As a single-voiced example, an impersonator depends on his audience’s pre-knowledge of a celebrity’s mannerisms and foibles. (E.g., when an actor on Saturday Night Live imitates a U.S. President or candidate, the audience recognizes the candidate's pre-existing quirks and finds pleasure in the quality of their mimesis.)

As exhausting as this handout may be, it’s not exhaustive! “Genre” remains a capacious, slippery, and evolving term and concept. The purpose of these classifications is more to exercise critical thinking than to provide final answers.

For those considering graduate school, some problems inherent in “genre studies”

Genre courses” like “Tragedy,” “Comedy,” “Introduction to Fiction (or Poetry or Drama),” or “Film as Literature” tend to be popular mainstays in college curricula, but genre scholarship as such has a lackluster reputation.
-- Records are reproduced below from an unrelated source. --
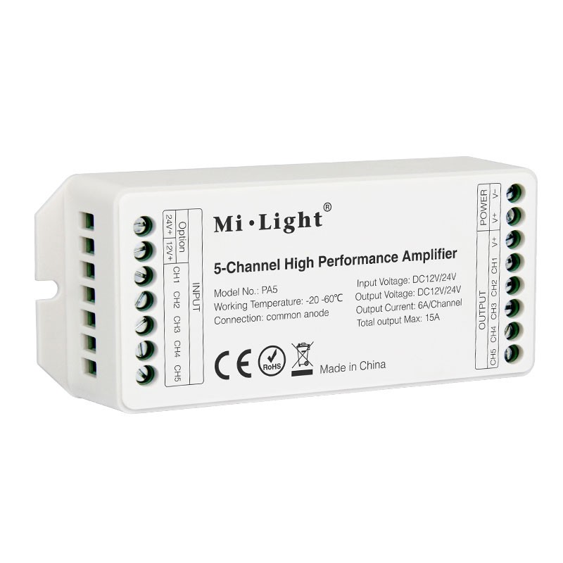 Nobile 15A signal amplifier with 5 channels for control unit code 5920/RGB, 5930/RGBW, 5940/U and 5950/TW.
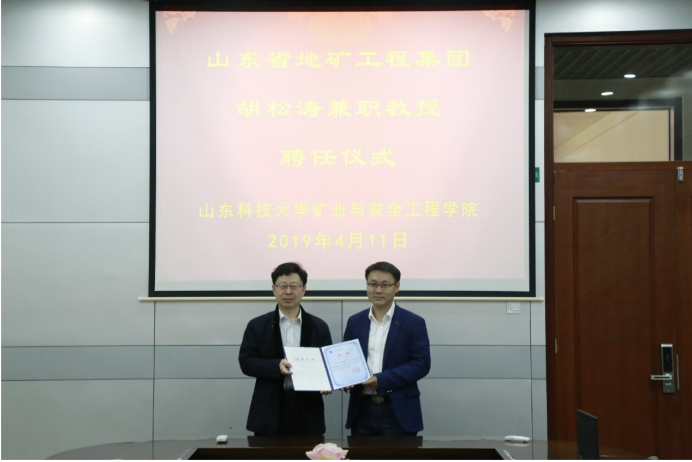 4月11日,山东省地矿工程集团副总经理胡松涛来校交流工作,矿业与安全工程美女自慰 院长谭云亮为胡松涛颁发兼职教授聘任证书。泰山学者优势特色学科领军人才沈宝堂教授,矿山灾害预防控制实验室副主任陈绍杰,矿业工程工作部党支部书记孙文斌以及新能源系教师等参加相关活动。
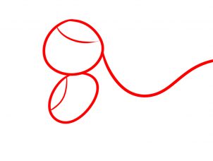 Bước 1: Đầu tiên, chúng ta  vẽ một hình tròn cho phần đầu của khủng long. Vẽ tiếp một hình tròn ở vị trí xương hàm dưới thượng. Sau đó, vẽ đường cổ của khủng long như hình vẽ bên dưới.
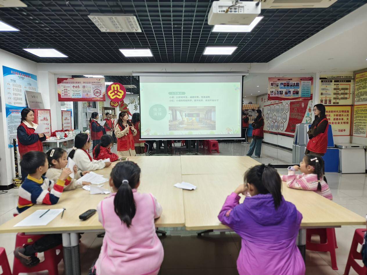 同时,志愿者们还用孩子易懂的通俗语言,将《中华人民共和国未成年人保护法》比作守护成长的“超级英雄铠甲”,系统讲解家庭、学校、社会、网络、政府、司法“六大保护”体系。结合“妈妈偷看日记是否合理”“商贩向未成年人售烟是否正确”等贴近生活的案例,深入浅出地解析隐私权、劳动保护、校园欺凌防治等核心法律概念,让晦涩的法条变得鲜活可感。
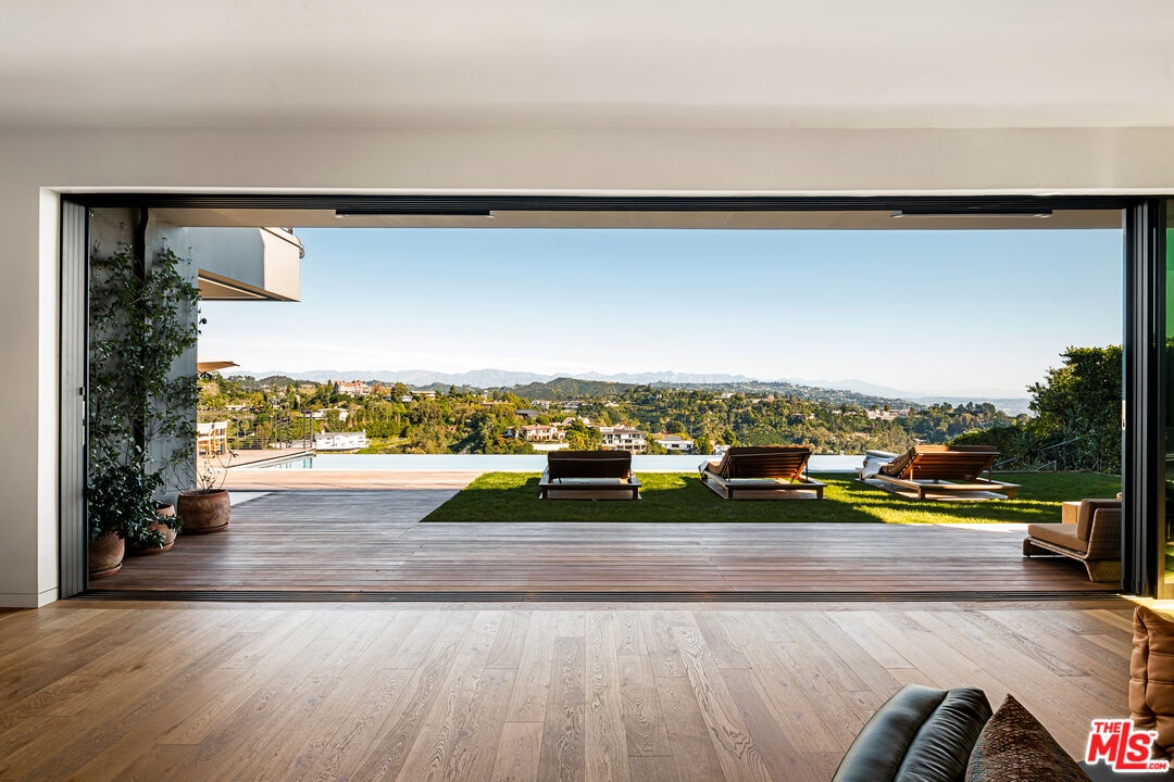 Masterfully conceived by HEH in collaboration with Von Studnitz Architects and Studio Preveza, this exceptional residence was designed as the personal home of an experienced developer/owner, one who truly did not miss a beat. Perfectly positioned at the end of one of Bel Air's most coveted and private view streets, the property offers rare privacy paired with breathtaking scale and presence. Behind gates and mature landscaping, the home reveals sweeping 270-degree views spanning Downtown Los Angeles, city lights, canyons, and the Pacific Ocean. Mornings begin with a beautiful sunrise from the primary suite, while evenings unfold with dramatic sunsets from both the front and rear decks, creating an ever-changing backdrop of light and atmosphere throughout the day. Inspired by the refined, effortless aesthetic of James Perse, the residence captures the essence of elevated California living modern yet warm, sophisticated yet relaxed seamlessly blending indoor and outdoor spaces. Impeccably finished, the open-concept floor plan is designed to frame panoramic city and ocean views from nearly every major room, complemented by rich, natural materials throughout. The layout includes a private first-floor bedroom suite thoughtfully separated from the main living areas, along with a dedicated office ideal for an owner constantly on the move. There are six spacious bedroom suites, including a luxurious primary retreat with a sitting room and private balcony, as well as subterranean guest quarters with a separate entrance, offering privacy and flexibility. Every detail reflects intention and experience from the private home theater and beautifully scaled living spaces to the seamless indoor-outdoor entertaining areas. Outdoor sitting and dining zones overlook a curated vegetable and herb garden, surrounded by citrus trees, French lavender, and Tuscan rosemary evoking a true Italian villa sensibility. The result is a rare fusion of California ease with a European, Italian-inspired lifestyle that feels romantic, timeless, and deeply livable. The outdoor experience is anchored by a 40 foot infinity-edge pool, expansive decks, and serene hillside gardens, creating a private urban oasis. Additional amenities include a state-of-the-art kitchen, fitness studio, three-car garage, and a wide, flat motor court accommodating three large SUVs or low-profile sports cars with ease. Designed with precision, warmth, and timeless restraint, this is a modern architectural residence in one of Bel Air's most desirable locations a property that must be seen in person to fully appreciate.

Why?

  • Genres may be regarded as elementary knowledge.
     

  • Genres impinge on so many other subjects that findings may evade reduction or specification.
     

  • Any attempt at finality in describing a genre may ascribe an artificial purity or purity to an evolving entity.

  Consequently, genre-discussion often serves as background knowledge or to start discussions on backgrounds that led to subtler or more ambitious subjects.

Every work of literature involves at least one subject genre, one formal genre, & one narrative genre.

*A stand-up comedian’s monologue is “single-voiced” in representation and “comic” in terms of narrative (by attempting to conclude on a big audience-uniting laugh.)

  • Subject / Audience: dating, politics, romance, domestic, social classes—topics may vary with audience or venue.
  • Form: single-voiced (one person talking to audience, w/ variations like enactments of dialogues or exchanges with audience)
  • Narrative: “comic” through impersonations (false identity), put-downs (deflation, restoration of order), conclusion on big audience-uniting laugh.

*The novel The Scarlet Letter

  • Subject: social and ethical issues; human relations between individuals and their community; Puritanism and the American past, etc.
  • Form: narrator (voice describing setting, characters, and action) + two or more characters in dialogue (Hester, Dimmesdale, and Pearl in conversation with each other).
  • Narrative: romance (as when Hester transcends her complications by becoming an “angel” at the end) shaded by tragedy (as in Dimmesdale’s fall through his own faults and errors).